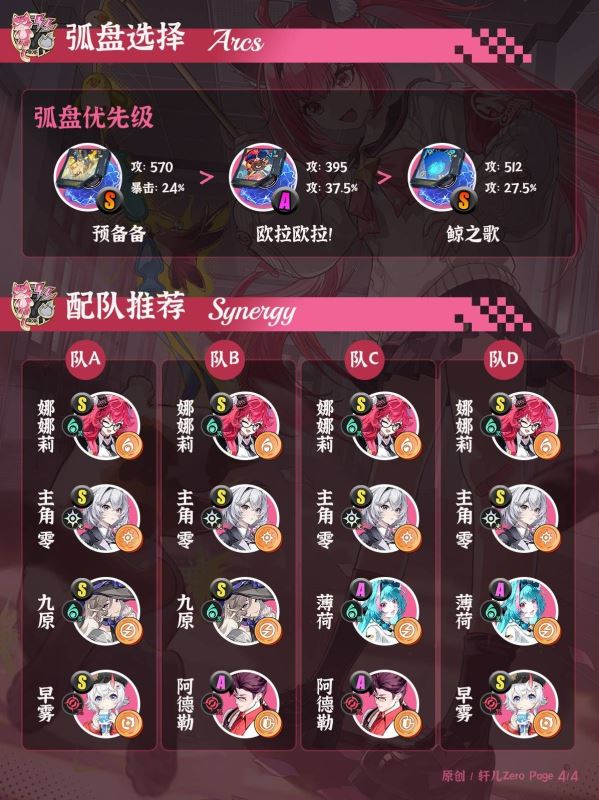娜娜莉为灵属性角色,相邻可进行环合属性为光/咒以及光+相。从卡带效果我们首先要携带一名灵属性队友,九原为最佳队友,没有九原用薄荷替代。除此之外再搭配一名光属性队友,优先推荐主角。最后一位咒属性队友前期推荐阿德勒,后期替换为早雾即可。
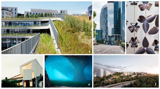 Built bioinspired buildings located in France (a) Ecole des sciences et de la biodiversité, Boulogne-Billancourt, 2015 © ChartierDalix – Takuji Shimmura, (b) D2 tower © Pierre Elie de Pibrac, (c) © ArtBuild, (d) © In Situ Architecture, (e) © Rougerie+Tangram, (f) © Tryptique Architecture.
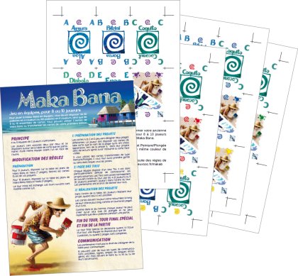 2015 : Maka Bana pour 8 ou 10 joueursVous aviez acheté la première ou la deuxième version de Maka Bana publiée chez Tilsit et vous avez craqué pour les indéniables attraits de la nouvelle édition chez Sweet November. Je vous en remercie. Grâce à vous, je peux manger mes pâtes avec du Comté rapé ET de la sauce tomate. Mais, du coup, votre première boîte prend la poussière, ce qui vous attriste. L'extension 8-10 joueurs est pour vous ! Elle va vous permettre de transformer votre première boîte en extension de la seconde pour 8 ou 10 joueurs !
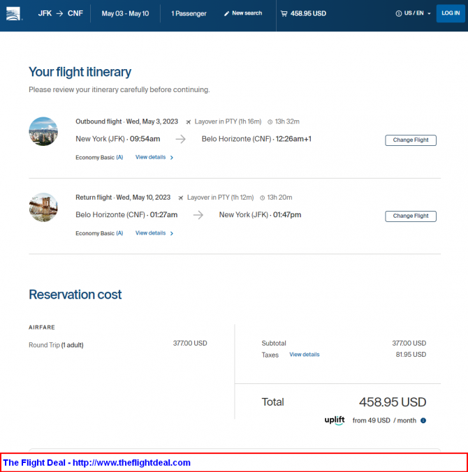 • JFK – PTY (Panama City) – CNF (Belo Horizonte)  – PTY – JFK
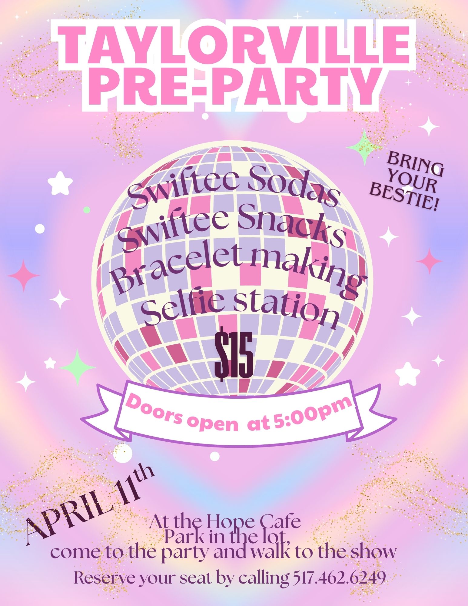 Kick off the fun with a bubbly Taylorville pre-party at Hope Cafe before heading to the show at Tibbits Opera House! Come hang out with your bestie before the show at Tibbits
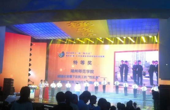 5月24日至26日,浙江省第十三届“挑战杯”大学生课外学术作品竞赛在宁波大学举行,我校荣获特等奖1项,二等奖2项,三等奖3项的历史最好成绩。其中《城镇化背景下农民工的“性乱象”——长三角地区农民工性行为问题的调查与思考》作品,荣获特等奖;《“减负万里行”背景下,中小学生课外活动的“乱象”调查与思考》和《汽车尾气固体颗粒吸附系统》项目获二等奖;《基于精子冷冻途径的太湖流域特色淡水经济鱼类资源保护研究》、《C4资源抽提丁二烯生产顺丁橡胶项目的开发设计》和《放射线检测装置》项目获得三等奖。
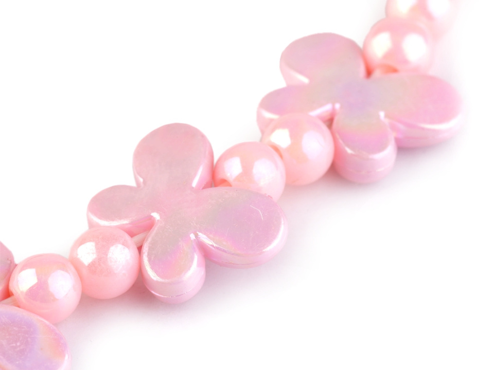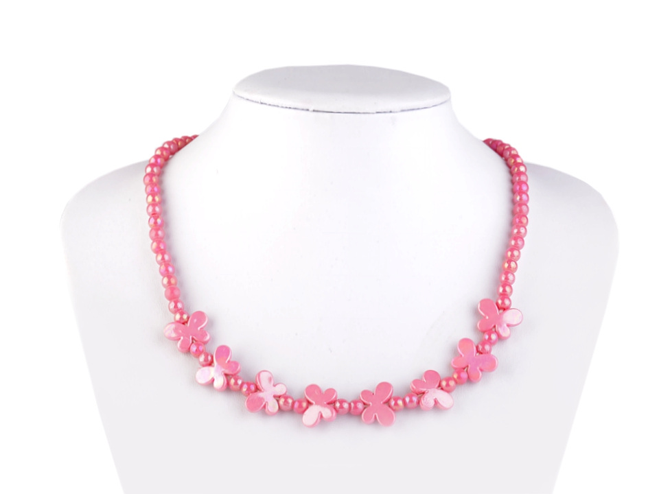 Plastové korálky jsou navlečené společně s korálky ve tvaru motýla na pružné gumičce. Náhrdelník ani náramek nemají uzávěry, jsou pružné a jdou pohodlně navléci. Korálky s motýlky mají jemný perleťový povrch, který se na světle zajímavě leskne.
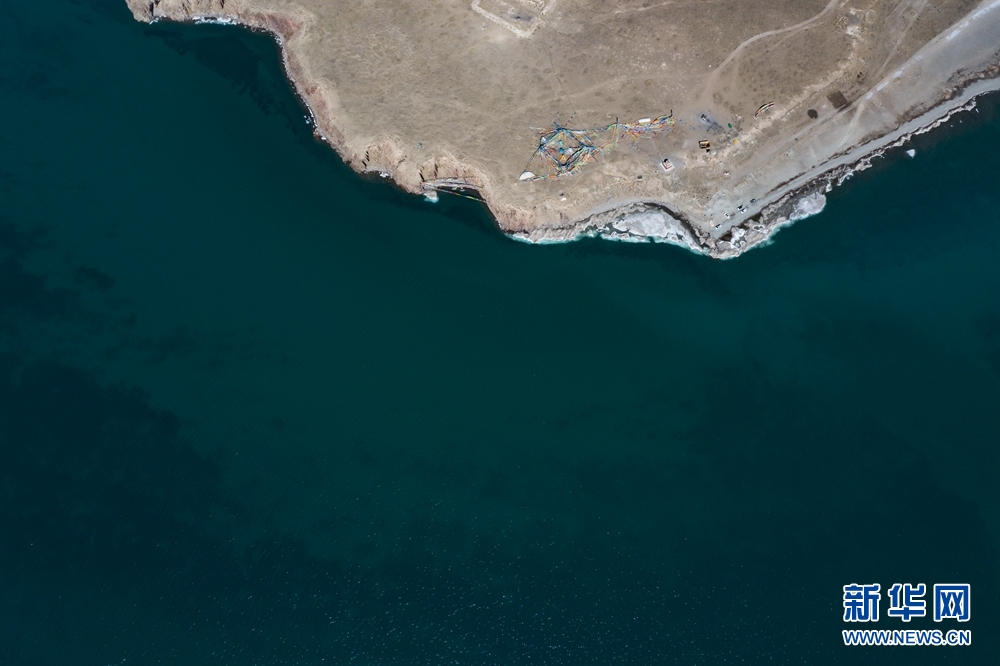 青海湖一角(無人機照片)。新華網 宋忠勇 攝
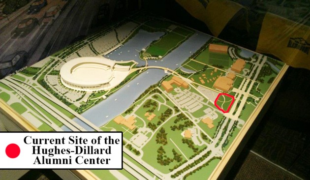 The Hughes-Dillard Alumni Center is missing from a model of the proposed football stadium, the third such rendering depicting the north end of campus without the home of the Baylor Alumni Association.
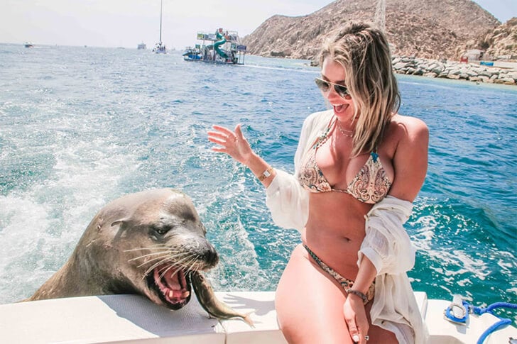 The woman’s smile shines as bright as the sun-drenched surroundings, capturing a moment of pure, spontaneous joy. It’s a scene straight out of an aquatic sitcom, where wildlife and humans share a brief, hilarious encounter on the high seas.
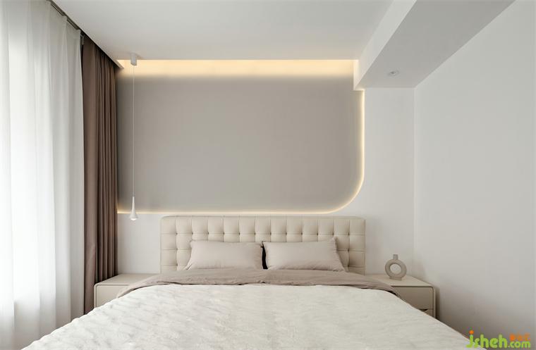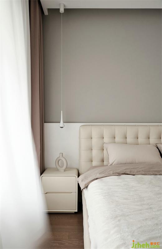 主卧出色的床头设计为整个房间锦上添花。卧室适度的暖色调,精装房改造柔美又利落的线条,一盏精致的吊灯,整体空间显得浪漫又宁静舒适。
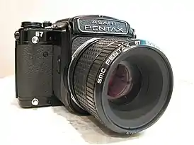 Pentax 67 — профессиональный среднеформатный однообъективный зеркальный фотоаппарат с ручной фокусировкой. Основа одноимённой фотосистемы. Рассчитан на роликовую плёнку типа 120 или плёнку типа 220. Выпускался с 1990 до 1999 года[1]. С производства снят, но и в настоящее время остаётся одной из самых надёжных и удобных профессиональных среднеформатных камер.
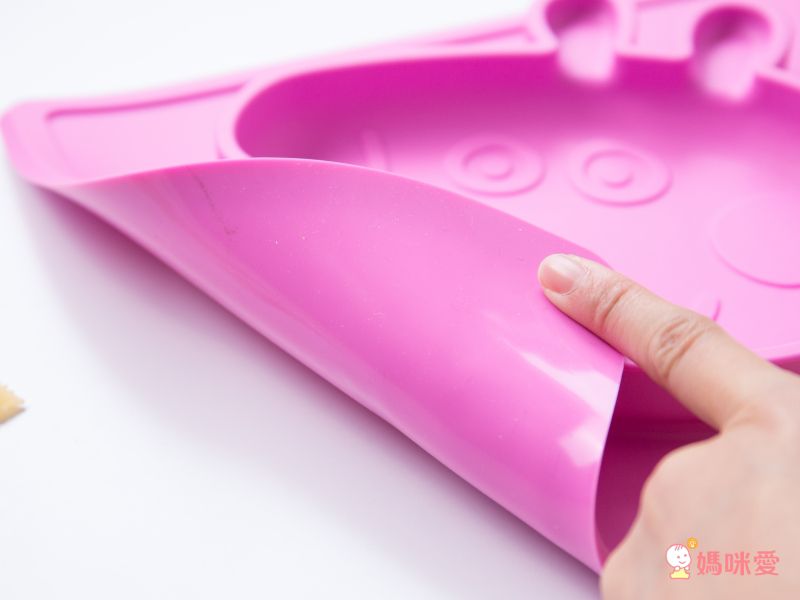 矽膠材質,底部可以完美吸附光滑桌面,吃飯不易打翻!
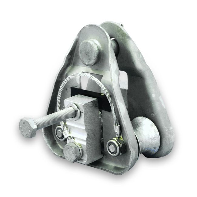 Поддерживающий зажим с раскаточными роликами для неизолированных проводов диаметром до 30 мм, сечением 35-150 мм². Провода могут быть раскатаны прямо на этих зажимах, что исключает необходимость использования отдельного монтажного ролика.
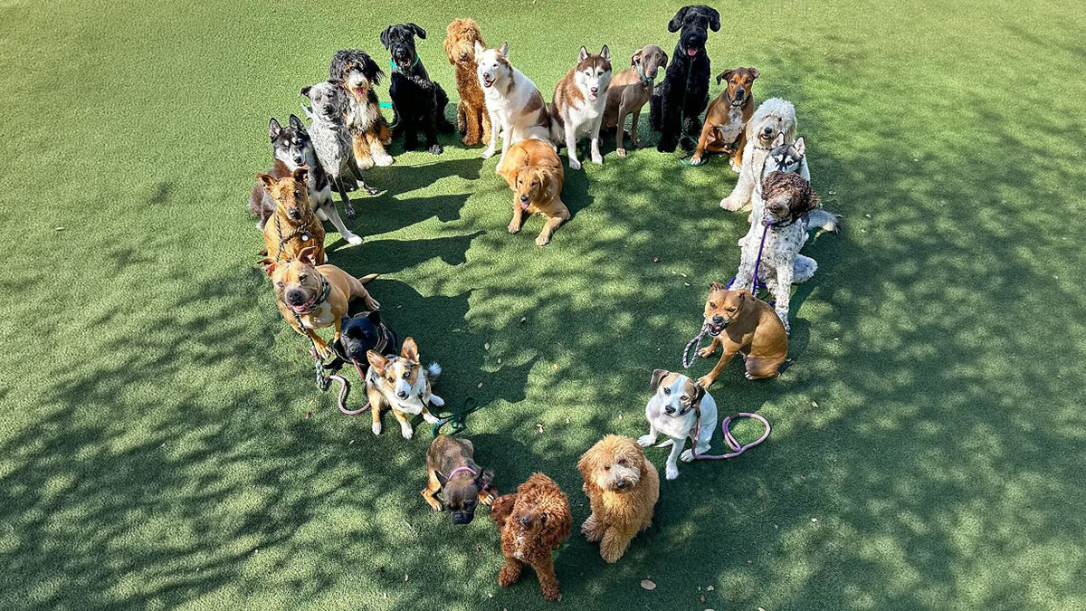 Getting one dog to sit still for a photo can already feel like a small victory. Now imagine dozens of them, different sizes, personalities, energy levels, all sitting side by side, facing the camera at the same time. It sounds unrealistic, but one dog daycare in Miami has quietly turned it into a routine.
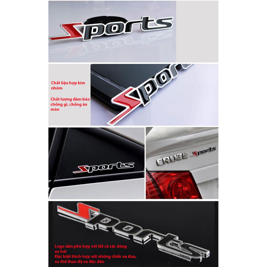 - Tem chữ Sports kim loại hay dùng để dán trang trí đuôi xe ô tô, sườn xe ô tô.
_ _ _ _ _
EXERCISE AIM =
Retype only the lines above from the one with "Plastové korálky jsou" through the one with "青海湖一角(無人機照片)。新華網 宋忠勇 攝", exactly and with both ends. Images stay out.

WRITTEN SOLUTION =
 Plastové korálky jsou navlečené společně s korálky ve tvaru motýla na pružné gumičce. Náhrdelník ani náramek nemají uzávěry, jsou pružné a jdou pohodlně navléci. Korálky s motýlky mají jemný perleťový povrch, který se na světle zajímavě leskne.
 青海湖一角(無人機照片)。新華網 宋忠勇 攝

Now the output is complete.